This book is a summary of an approximately ten-year process of professional and intellectual discussions, debates, and sometimes bitter controversies with friends, colleagues, students, and rivals. I have been fortunate enough to be surrounded by highly stimulating intellectual environments in the offices, faculty clubs, and corridors of the Hebrew University and the University of Washington at Seattle. I have also been supported and spoiled by a vivid global exchange through the wonders of the Internet and the electronic mail system. The names of those who have contributed to these environments are so innumerable that, with the exception of the late Dan Horowitz, I shall refrain from listing them. The final version was rewritten following very thoughtful, wise, and constructive comments of three anonymous peer reviewers of the University of California Press.

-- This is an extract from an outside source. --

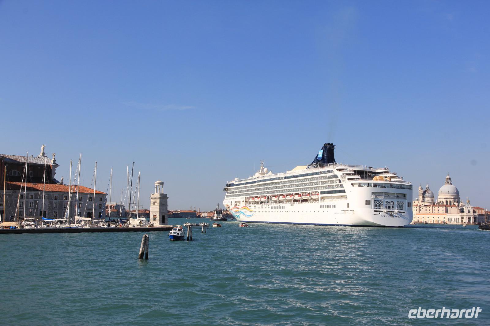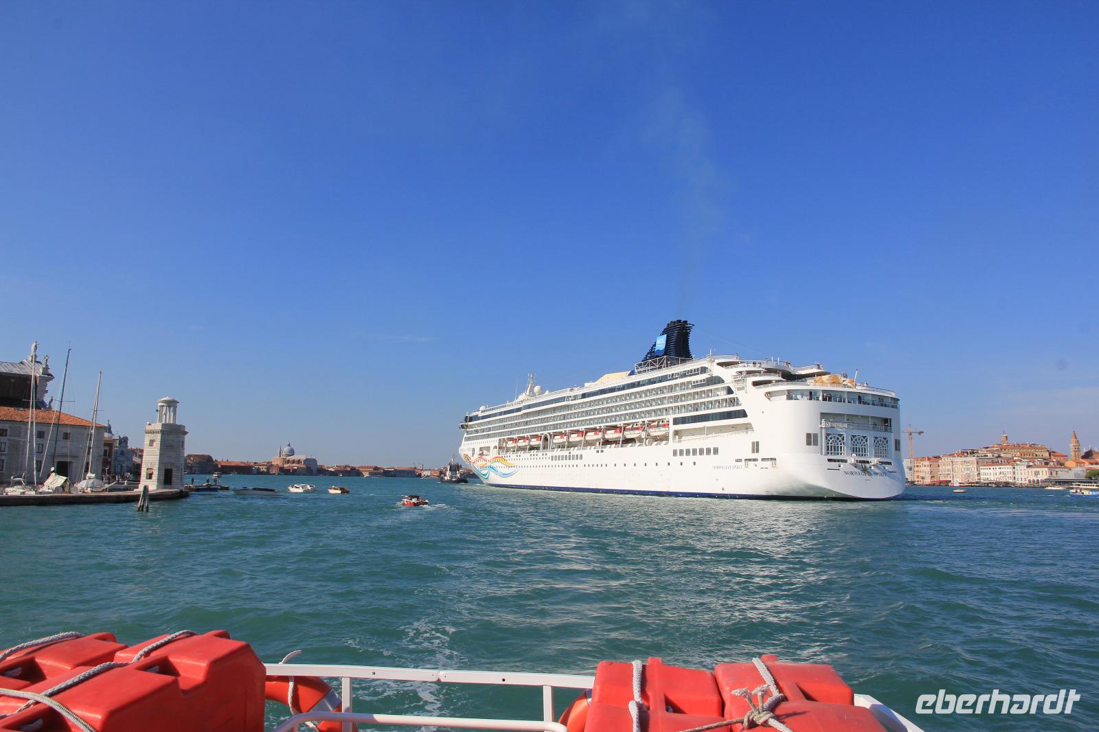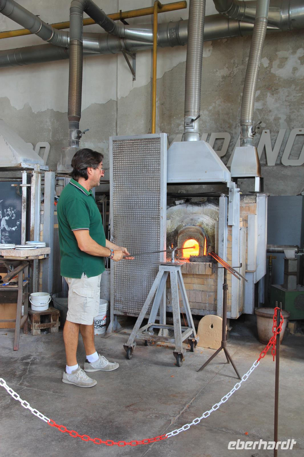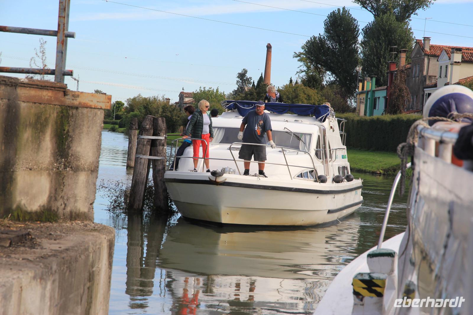 An der Schiffsanlegestelle von Fusina besteigen wir wieder das Boot von Kapitän Alessandro. Heute macht uns die quirlige und gestenreiche Barbara mit der Wasser- und Landschaft der Lagune bekannt. Wir durchfahren den Giudecca-Kanal, konzentrieren uns ganz auf die von ihr erklärten Gebäude beiderseits des Kanals, da schiebt sich plötzlich ein Riesen-Kreuzfahrtschiff vor die Augen- und Kamera-Linsen. Als der Blick wieder befreit ist, bewundern wir die Szenerie am Canale di San Marco. Weiter geht es um die Hauptinsel herum in den Norden der Lagune nach Murano, die Insel der Glasmacher und -bläser. Wir überzeugen uns bei einer Vorführung des Glasblasens von dieser handwerklichen Kunst und entrichten an diese unseren Tribut, indem wir im Werkverkauf gegen Geld zerbrechliche Geschenke für unsere Lieben zu Hause eintauschen. Wir schiffen dann an der langgestreckten Insel St. Erasmo vorbei, dabei genießen wir ein von Smutje Michele gezaubertes 3-Gänge-Mittagsmahl mit Wein und Prosecco. Die Insel Torcello hat nur noch wenige Einwohner, macht aber einen charmanten Eindruck und besticht durch die tausendjährige Kirche Santa Maria Assunta, die u.a. mit byzantinischen Mosaiken die Kirchenkunst des frühen Mittelalters bewahrt. Es ist heute kaum vorstellbar, dass diese Insel vor hunderten Jahren von tausenden Menschen bewohnt und Bischofssitz war. Weiter geht es zur Nachbarinsel Burano, welche aufgrund seiner farbigen Häuschen ein begehrtes Foto- und Selfi-Motiv und damit Ziel des Massentourismus ist. Während die Herren der Schöpfung fotografieren, werden die Frauen in zahllosen Geschäften zum Kauf schöner Dinge zum Schmücken und Bekleiden verführt. Wir genießen hier noch einmal einen Spaziergang in der Sonne und treiben mit dem Strom der Touristen. Auf dem Rückweg bewundern wir vom Schiff aus das in der Abendsonne erstrahlende Venedig. Wir danken Barbara für die lebendigen Erklärungen und freuen uns auf den morgigen Landgang in Venedig.

I would like to thank my devoted students and assistants who have aided me throughout all these years and made possible the implementation of this mission: Jon Simons, Matthew Diamond, Lauren Erdreich, Michal Laron, Hagit Schwartz, and Keren-Or Schlesinger. I also am pleasantly indebted to the Eshkol Center of Israel Studies and to the Silbert Center for Research of Israeli Society and Director Arieh Schachar for their generous support in funding the research demanded by the present volume. I am deeply grateful to Malcom Reed and Cindy Fulton of the University of California Press, who handled the manuscript so carefully, and special thanks to Peter Dreyer for his excellent editorial work.

Parts of this volume are based on previously published material. Chapter 2 is based on “State Building, State Autonomy, and the Identity of Society: The Case of the Israeli State,” published in the Journal of Historical Sociology 6, 4 (1993): 397-429. Chapter 4 partially relies on “Between Hegemony and Dormant Kulturkampf in Israel,” published in Israel Affairs 4, 3-4 (1998): 49-72. Part of chapter 5 derives from “The New Israelis: Plurality of Cultures without Multiculturalism,” Alpayim 16 (1998): 264-308 (in Hebrew). Chapter 6 is adapted from “Religion, Nationalism and Democracy in Israel,” published in Constellations 6, 3 (1999): 339-63. Finally, chapter 7's main source is an essay titled “Political Subcultures and Civilian Militarism in a Settler-Immigrant Society,” published in Security Concerns: Insights from the Israeli Experience, edited by Daniel Bar-Tal, Dan Jacobson, and Aharon Klieman (Stamford, Conn.: JAI Press, 1998), pp. 395-416.

I am grateful to all the publishers who so generously granted me the right to use the material. Nonetheless, all these papers served only as foundations for the present chapters of this volume. Most were completely rewritten to include (or sometimes exclude) new material and ideas and to present a coherent narrative.